Check door: This seems obvious but having seen a livestock trailer with horses inside and the sliding door open perhaps it’s not! Again – any time you stop gives activists or pranksters a chance to release the latch on the door. Make sure it’s secured every time.

Check tires: Check tires regularly for wear and for damage. Sometimes a bad tire with pieces missing or damage to it can be replaced before it leaves you stranded along the highway with a loaded trailer.

Check animals: This is easier with a handful of animals than a semi-trailer, but take a peek at the animals. If there are injuries give the receiving end warning or deal with the situation there, depending on the situation. Make sure the animals are comfortable as much as can be during transport.

Check attitude: We cannot change other drivers but can change how we approach it. We don’t know who or what that other driver is. It may be a tired single mom heading home after working 12 hours but it might also be someone who is reckless and has less regard for you than the animals you’re hauling. Use safety precautions, be rested and alert and remember that your load is alive and shifts much differently than ‘dead weight’ tied down.

Consider weather: Snowy, sunny (especially driving into the sun), hot and cold can all make a difference not only in the road conditions but the comfort and safety of the animals aboard.

Consider temperature: Very hot or very cold temperatures can affect the animals on board. In hot weather don’t rely on moving in order to maintain a safe temperature for the animals you have on. Pigs, for example, cannot tolerate heat and often are hauled at night for this reason.

Consider distance: While there are many safety issues the same whether you’re driving 100 miles or 1000 there are generally longer days with longer trips. Consider whether at any point you will need to unload animals to rest and drink and where that would best be done.

Consider animals: Keeping the animals safe in transport is important for them to arrive in good condition. With horses use extra care in hauling stallions especially if mares are also on board.
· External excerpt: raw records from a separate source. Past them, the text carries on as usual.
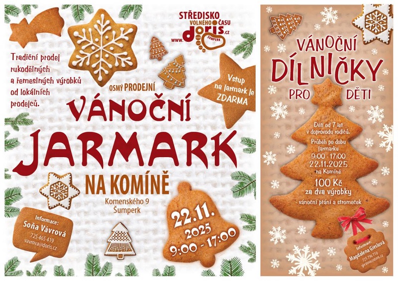 V sobotu 22. listopadu se v Šumperku uskuteční osmý prodejní vánoční jarmark s pestrou nabídkou výrobků od místních řemeslníků a prodejců. Akce se v budově Komína (Komenského 9, Šumperk) od 9:00 do 17:00 hodin. Na jarmarku bude možné obdivovat a zakoupit například svíčky, přírodní kosmetiku, vánoční ozdoby, oblečení, kabelky, šperky, keramiku a další zajímavé výrobky. Součástí programu bude i občerstvení v podobě kávy a pečiva. Pro děti jsou připraveny tvořivé dílny, malé děti do 7 let se mohou dílny účastnit v doprovodu rodičů.
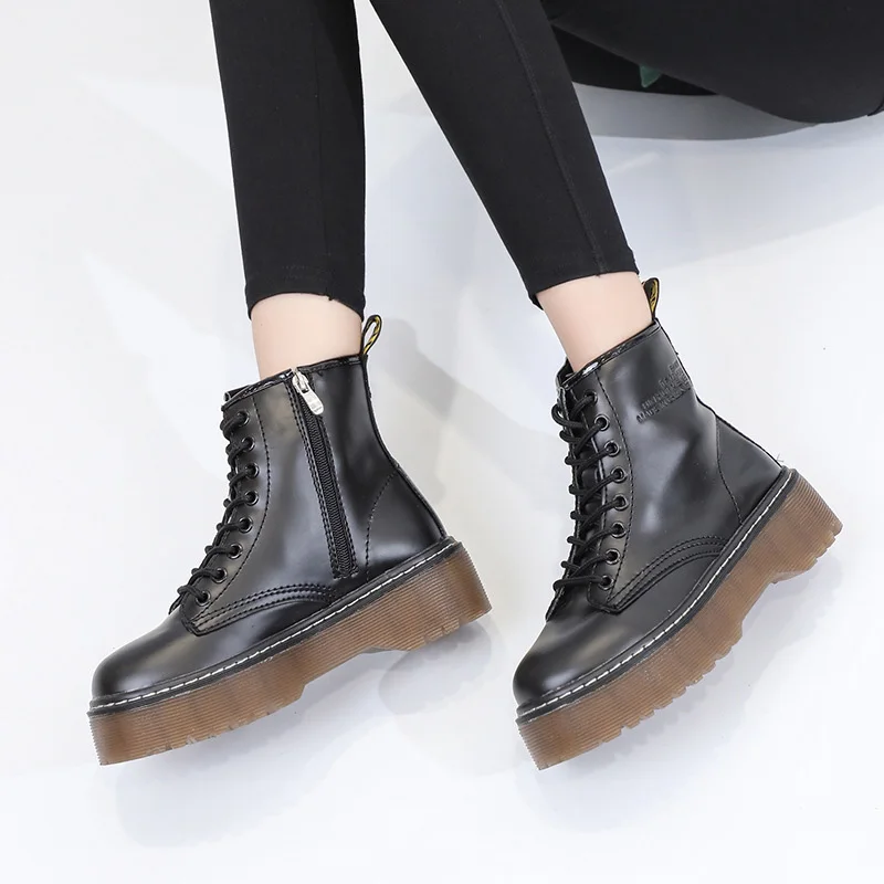 2020 Leather Boots For Martin Boots Platform Shoes Women Boots Motorcycle Shoes Ankle Boots For Women Booties Botas Mujer
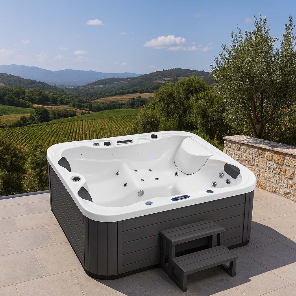 Υδρομασάζ 3 ατόμων White Aura με γκρι ξύλινη επένδυση από την KSV.

With fuel and transportation costs there sometimes can be a conflict between getting as many as possible on board with not overcrowding or endangering the animals on board. Animals that are pressed in so tightly they can’t stand normally often mean the possibility of animals falling and getting trampled.

Consider documentation: Have a dashboard camera, a good digital camera and accurate records that are kept up to date. Keep equipment maintained and document it. Keep documentation of how many shipped, how many arrived safely and other factors that establishes a good record as well as pointing out in what areas you need to improve.

These things take but a couple minutes to do but can save you time and money. Be safe!